Structure-activity relationships of orotidine-5'-monophosphate decarboxylase inhibitors as anticancer agents

A series of 6-substituted and 5-fluoro-6-substituted uridine derivatives were synthesized and evaluated for their potential as Anticancer agents. The designed molecules were synthesized from either fully protected uridine or the corresponding 5-fluorouridine derivatives. The mononucleotide derivatives were used for Enzyme inhibition investigations against ODCase. Anticancer activities of all the synthesized derivatives were evaluated using the nucleoside forms of the inhibitors. 5-Fluoro-UMP was a very weak inhibitor of ODCase. 6-Azido-5-fluoro and 5-fluoro-6-iodo derivatives are covalent inhibitors of ODCase, and the active site Lys145 residue covalently binds to the ligand after the elimination of the 6-substitution.
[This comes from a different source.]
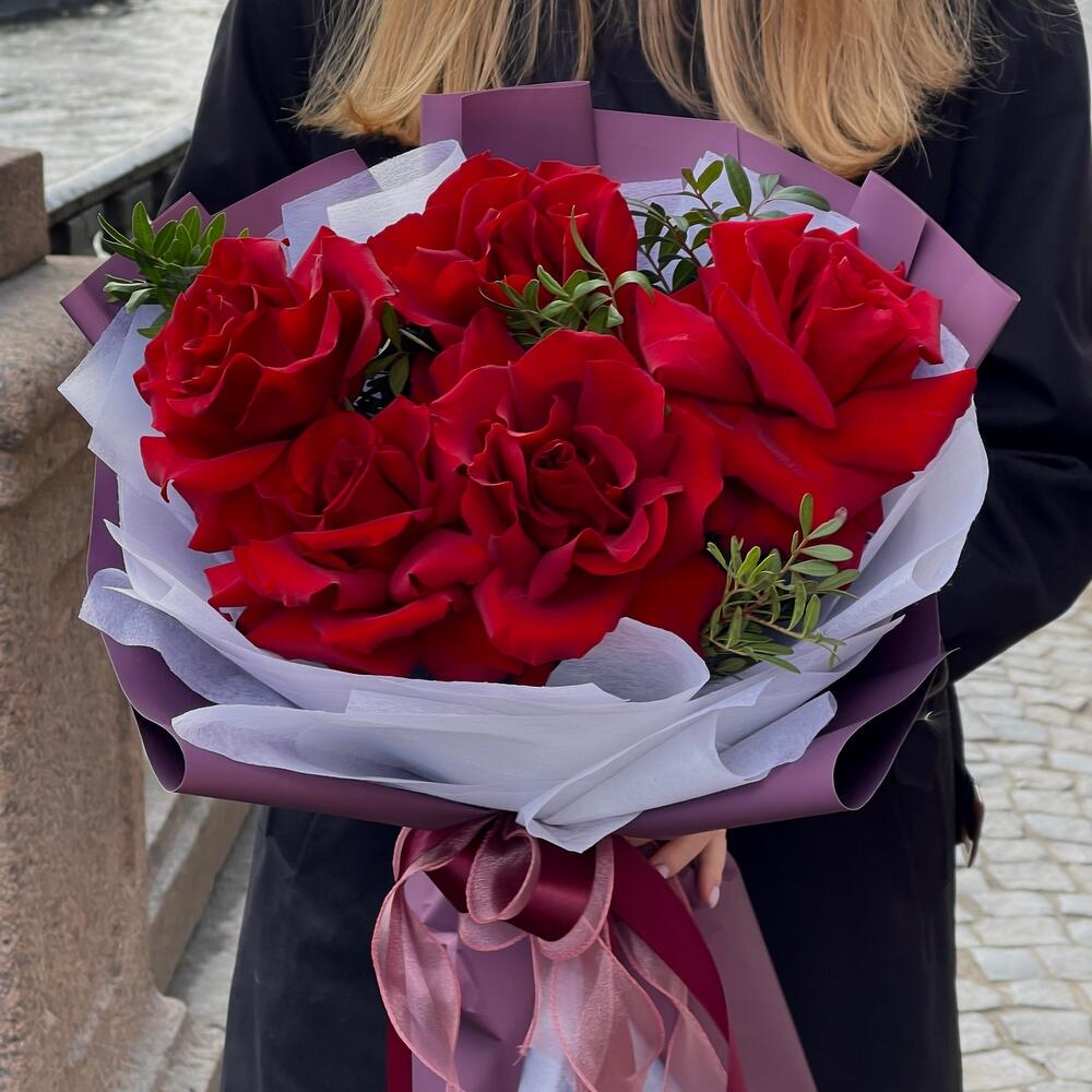 Букет с красной французской розой «Вишнёвый поцелуй»

Among the synthesized nucleoside derivatives, 6-azido-5-fluoro, 6-amino-5-fluoro, and 6-carbaldehyde-5-fluoro derivatives showed potent Anticancer activities in cell-based assays against various leukemia cell lines. On the basis of the overall profile, 6-azido-5-fluoro and 6-amino-5-fluoro uridine derivatives exhibited potential for further investigations.